* WHAT YOU ARE ASKED TO DO: Tell how many lines in these records contain the string "special", with only the number as the reply.
------ STUDY MATERIAL ------
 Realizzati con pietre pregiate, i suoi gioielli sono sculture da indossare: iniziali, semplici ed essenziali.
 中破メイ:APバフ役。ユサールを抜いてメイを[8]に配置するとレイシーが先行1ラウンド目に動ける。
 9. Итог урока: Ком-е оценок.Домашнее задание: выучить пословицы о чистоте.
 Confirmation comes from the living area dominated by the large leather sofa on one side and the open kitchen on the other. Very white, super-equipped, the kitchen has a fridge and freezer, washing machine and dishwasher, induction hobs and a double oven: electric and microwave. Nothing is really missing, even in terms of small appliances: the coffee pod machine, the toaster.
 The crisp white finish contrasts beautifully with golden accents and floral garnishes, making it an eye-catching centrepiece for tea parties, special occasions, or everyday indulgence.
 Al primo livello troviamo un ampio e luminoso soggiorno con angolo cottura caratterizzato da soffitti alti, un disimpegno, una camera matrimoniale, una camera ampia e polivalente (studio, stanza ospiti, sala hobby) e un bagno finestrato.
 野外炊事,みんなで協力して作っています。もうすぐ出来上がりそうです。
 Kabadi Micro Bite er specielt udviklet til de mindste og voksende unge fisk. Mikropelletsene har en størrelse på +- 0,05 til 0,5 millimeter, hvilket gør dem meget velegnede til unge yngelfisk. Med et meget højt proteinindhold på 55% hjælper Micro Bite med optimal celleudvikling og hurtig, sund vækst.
------
------ STUDY MATERIAL ------
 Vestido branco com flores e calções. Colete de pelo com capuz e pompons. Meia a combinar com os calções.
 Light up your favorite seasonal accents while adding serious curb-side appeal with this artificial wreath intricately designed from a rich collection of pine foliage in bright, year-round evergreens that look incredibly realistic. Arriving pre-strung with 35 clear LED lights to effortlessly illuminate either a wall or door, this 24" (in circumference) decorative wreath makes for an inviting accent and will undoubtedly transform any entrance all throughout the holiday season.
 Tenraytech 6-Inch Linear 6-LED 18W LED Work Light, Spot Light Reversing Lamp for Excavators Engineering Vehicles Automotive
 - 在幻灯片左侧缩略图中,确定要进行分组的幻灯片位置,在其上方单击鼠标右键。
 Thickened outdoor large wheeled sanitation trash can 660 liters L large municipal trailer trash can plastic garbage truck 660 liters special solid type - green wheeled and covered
------
* OUTPUT OF THE EXERCISE: 2